Task: Under this line are the records; write out word for word the part that begins at the line containing "有機珈琲 カフェインレス モカ(粉)140g" and ends at the line containing "호환성 - 호환모드 - Windows 7으로 선택하세요.", and no more.

Provided data:
_ _ _ _

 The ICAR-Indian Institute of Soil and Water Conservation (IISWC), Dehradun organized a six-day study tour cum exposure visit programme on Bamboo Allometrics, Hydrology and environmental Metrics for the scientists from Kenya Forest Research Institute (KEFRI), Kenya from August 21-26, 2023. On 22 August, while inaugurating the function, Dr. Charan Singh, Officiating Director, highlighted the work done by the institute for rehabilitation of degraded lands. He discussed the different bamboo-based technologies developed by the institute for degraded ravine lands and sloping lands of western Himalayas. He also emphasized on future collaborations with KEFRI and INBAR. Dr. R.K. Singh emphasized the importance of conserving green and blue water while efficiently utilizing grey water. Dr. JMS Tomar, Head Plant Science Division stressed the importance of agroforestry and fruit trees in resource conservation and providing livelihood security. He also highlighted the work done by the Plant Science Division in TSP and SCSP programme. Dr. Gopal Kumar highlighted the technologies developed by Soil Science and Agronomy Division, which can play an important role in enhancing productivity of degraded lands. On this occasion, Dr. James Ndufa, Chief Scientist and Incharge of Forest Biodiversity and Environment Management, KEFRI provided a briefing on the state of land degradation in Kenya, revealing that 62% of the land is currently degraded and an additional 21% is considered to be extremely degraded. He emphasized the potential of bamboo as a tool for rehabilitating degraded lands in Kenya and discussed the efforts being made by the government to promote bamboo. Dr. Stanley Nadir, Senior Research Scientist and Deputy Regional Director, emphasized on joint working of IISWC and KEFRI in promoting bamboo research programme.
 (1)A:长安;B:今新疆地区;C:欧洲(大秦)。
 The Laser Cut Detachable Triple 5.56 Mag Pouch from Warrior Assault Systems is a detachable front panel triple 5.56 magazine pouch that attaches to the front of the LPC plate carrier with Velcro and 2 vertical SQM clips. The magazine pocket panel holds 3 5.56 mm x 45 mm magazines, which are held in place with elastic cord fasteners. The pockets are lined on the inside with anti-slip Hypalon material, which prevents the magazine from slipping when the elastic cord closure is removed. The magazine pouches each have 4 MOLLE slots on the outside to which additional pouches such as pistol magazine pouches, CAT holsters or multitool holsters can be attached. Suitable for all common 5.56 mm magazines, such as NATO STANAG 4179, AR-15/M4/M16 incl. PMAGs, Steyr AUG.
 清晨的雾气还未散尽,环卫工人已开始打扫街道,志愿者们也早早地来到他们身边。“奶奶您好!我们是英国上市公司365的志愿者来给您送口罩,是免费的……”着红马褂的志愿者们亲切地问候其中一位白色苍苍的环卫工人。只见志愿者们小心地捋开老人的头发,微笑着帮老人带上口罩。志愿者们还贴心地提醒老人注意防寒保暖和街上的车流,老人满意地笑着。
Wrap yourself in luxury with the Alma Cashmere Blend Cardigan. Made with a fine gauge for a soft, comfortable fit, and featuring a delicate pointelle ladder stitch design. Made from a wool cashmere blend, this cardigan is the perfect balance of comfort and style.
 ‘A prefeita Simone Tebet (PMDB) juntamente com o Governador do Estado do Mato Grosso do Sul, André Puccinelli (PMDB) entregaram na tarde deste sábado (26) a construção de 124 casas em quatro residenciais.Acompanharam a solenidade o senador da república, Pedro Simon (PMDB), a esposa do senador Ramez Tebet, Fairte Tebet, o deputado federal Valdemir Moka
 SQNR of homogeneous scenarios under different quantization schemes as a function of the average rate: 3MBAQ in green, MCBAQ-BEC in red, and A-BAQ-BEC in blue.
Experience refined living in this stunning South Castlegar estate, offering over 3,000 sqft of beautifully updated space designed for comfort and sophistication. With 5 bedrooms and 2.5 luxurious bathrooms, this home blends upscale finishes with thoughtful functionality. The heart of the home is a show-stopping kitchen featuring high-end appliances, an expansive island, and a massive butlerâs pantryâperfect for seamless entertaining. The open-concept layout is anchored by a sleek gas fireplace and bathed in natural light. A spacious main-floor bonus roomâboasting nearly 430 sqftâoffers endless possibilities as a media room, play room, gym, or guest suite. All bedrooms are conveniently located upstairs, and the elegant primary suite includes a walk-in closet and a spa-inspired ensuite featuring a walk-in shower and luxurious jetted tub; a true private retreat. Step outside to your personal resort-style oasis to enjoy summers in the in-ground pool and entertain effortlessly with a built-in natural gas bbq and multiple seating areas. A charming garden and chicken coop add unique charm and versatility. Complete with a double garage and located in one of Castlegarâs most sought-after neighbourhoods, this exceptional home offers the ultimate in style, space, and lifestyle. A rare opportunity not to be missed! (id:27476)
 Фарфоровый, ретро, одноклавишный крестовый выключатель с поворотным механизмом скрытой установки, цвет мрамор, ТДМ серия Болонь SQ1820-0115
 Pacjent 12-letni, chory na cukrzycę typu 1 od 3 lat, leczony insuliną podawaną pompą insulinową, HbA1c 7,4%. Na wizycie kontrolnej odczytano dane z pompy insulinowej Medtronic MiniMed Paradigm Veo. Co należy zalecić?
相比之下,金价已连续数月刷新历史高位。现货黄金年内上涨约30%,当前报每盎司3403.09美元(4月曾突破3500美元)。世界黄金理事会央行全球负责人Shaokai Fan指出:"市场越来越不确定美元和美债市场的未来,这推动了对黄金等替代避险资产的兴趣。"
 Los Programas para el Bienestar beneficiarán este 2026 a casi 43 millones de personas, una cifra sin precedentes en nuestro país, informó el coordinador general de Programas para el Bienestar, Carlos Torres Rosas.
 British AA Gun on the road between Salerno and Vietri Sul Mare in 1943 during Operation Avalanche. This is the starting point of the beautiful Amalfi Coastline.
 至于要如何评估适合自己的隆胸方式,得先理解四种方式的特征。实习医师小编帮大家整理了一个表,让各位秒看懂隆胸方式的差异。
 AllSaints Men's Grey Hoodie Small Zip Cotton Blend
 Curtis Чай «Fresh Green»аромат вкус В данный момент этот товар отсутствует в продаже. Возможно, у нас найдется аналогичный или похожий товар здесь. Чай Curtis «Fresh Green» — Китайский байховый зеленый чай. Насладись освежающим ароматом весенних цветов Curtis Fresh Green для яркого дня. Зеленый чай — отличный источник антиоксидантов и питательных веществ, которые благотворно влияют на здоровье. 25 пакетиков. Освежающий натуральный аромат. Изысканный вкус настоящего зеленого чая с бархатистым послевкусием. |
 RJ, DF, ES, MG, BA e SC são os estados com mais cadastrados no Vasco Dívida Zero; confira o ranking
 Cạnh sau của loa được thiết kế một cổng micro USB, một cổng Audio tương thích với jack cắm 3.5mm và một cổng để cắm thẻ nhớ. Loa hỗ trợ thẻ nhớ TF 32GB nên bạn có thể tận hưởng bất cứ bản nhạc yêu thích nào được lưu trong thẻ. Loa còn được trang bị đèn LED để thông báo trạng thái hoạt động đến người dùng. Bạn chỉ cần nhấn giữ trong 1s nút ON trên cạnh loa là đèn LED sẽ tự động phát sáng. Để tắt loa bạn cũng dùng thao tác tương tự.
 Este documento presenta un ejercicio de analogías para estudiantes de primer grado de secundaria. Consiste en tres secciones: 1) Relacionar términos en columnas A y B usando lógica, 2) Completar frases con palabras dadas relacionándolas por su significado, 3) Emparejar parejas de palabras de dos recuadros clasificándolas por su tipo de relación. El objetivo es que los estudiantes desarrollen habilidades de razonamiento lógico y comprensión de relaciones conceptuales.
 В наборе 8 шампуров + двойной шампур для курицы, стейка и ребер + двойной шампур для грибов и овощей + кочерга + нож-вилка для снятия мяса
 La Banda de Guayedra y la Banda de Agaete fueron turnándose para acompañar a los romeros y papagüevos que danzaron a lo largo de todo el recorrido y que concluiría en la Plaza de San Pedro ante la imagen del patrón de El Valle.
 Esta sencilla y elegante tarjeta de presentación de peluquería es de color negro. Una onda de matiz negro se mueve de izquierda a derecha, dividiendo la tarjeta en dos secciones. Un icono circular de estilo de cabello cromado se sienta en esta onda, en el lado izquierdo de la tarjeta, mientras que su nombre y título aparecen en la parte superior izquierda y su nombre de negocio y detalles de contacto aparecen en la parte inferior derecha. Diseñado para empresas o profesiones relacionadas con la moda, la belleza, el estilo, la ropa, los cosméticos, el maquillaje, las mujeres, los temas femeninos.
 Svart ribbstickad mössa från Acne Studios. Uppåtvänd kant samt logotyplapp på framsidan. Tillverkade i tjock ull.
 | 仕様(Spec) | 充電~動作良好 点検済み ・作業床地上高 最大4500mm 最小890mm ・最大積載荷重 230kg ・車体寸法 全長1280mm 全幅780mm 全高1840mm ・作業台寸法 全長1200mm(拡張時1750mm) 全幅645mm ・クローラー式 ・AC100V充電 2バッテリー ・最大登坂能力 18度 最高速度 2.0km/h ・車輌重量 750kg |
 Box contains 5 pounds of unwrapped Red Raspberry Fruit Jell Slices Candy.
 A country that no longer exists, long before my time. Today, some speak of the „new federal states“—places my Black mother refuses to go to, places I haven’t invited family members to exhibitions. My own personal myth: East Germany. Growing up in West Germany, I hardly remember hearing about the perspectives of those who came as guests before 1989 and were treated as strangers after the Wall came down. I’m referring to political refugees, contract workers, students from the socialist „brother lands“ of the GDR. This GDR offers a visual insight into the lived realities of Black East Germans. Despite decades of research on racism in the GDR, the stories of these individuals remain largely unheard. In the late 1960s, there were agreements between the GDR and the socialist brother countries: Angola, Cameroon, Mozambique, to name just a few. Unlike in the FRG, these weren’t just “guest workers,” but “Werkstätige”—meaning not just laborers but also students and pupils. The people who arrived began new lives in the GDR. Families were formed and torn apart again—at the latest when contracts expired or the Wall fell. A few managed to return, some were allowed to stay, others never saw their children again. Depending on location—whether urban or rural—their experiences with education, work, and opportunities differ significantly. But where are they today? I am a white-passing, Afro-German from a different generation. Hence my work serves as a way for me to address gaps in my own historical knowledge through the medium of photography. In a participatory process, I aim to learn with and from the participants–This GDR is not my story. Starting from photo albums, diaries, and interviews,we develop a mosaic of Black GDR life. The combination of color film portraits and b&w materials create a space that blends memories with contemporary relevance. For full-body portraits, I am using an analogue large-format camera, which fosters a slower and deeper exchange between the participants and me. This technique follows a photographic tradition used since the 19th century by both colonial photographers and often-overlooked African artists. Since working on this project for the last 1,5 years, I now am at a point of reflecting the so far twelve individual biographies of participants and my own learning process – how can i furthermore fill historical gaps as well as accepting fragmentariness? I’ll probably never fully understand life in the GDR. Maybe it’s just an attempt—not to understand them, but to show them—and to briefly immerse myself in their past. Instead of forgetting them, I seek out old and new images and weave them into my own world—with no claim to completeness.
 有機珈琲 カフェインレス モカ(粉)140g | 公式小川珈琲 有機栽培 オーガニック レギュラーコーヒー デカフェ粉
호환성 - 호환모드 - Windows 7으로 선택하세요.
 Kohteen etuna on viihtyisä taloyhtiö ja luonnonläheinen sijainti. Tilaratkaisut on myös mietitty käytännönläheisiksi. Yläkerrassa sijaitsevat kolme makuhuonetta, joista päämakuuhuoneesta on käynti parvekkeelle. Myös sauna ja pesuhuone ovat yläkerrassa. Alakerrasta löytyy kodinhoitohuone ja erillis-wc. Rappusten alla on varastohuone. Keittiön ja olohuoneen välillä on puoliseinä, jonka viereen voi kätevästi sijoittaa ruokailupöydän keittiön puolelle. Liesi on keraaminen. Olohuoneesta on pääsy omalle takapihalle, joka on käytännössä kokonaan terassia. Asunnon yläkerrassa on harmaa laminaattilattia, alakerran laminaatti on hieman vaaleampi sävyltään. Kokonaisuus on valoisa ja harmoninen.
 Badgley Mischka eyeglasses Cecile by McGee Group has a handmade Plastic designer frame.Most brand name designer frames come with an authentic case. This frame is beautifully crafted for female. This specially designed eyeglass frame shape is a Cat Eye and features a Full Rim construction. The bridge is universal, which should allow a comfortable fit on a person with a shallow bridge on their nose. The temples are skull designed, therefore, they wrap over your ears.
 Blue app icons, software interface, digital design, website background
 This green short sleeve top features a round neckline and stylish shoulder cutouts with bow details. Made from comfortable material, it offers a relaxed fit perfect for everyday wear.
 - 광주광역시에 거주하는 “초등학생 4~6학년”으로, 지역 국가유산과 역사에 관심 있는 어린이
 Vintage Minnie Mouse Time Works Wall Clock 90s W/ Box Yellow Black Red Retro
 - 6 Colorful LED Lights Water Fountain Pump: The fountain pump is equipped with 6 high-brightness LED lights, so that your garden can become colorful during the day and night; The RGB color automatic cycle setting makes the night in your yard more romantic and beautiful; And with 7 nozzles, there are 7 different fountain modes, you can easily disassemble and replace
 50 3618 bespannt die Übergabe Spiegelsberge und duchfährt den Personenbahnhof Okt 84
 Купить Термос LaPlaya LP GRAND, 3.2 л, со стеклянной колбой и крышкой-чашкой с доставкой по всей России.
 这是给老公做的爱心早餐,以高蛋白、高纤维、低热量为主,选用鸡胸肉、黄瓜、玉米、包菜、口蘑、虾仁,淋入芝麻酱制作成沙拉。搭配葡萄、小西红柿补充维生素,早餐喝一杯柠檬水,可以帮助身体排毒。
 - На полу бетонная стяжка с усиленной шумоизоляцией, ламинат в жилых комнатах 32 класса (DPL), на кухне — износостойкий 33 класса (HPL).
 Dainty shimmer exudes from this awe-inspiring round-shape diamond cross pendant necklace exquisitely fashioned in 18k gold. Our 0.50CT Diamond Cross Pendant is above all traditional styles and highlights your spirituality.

_ _ _ _

Response to the task:
 有機珈琲 カフェインレス モカ(粉)140g | 公式小川珈琲 有機栽培 オーガニック レギュラーコーヒー デカフェ粉
호환성 - 호환모드 - Windows 7으로 선택하세요.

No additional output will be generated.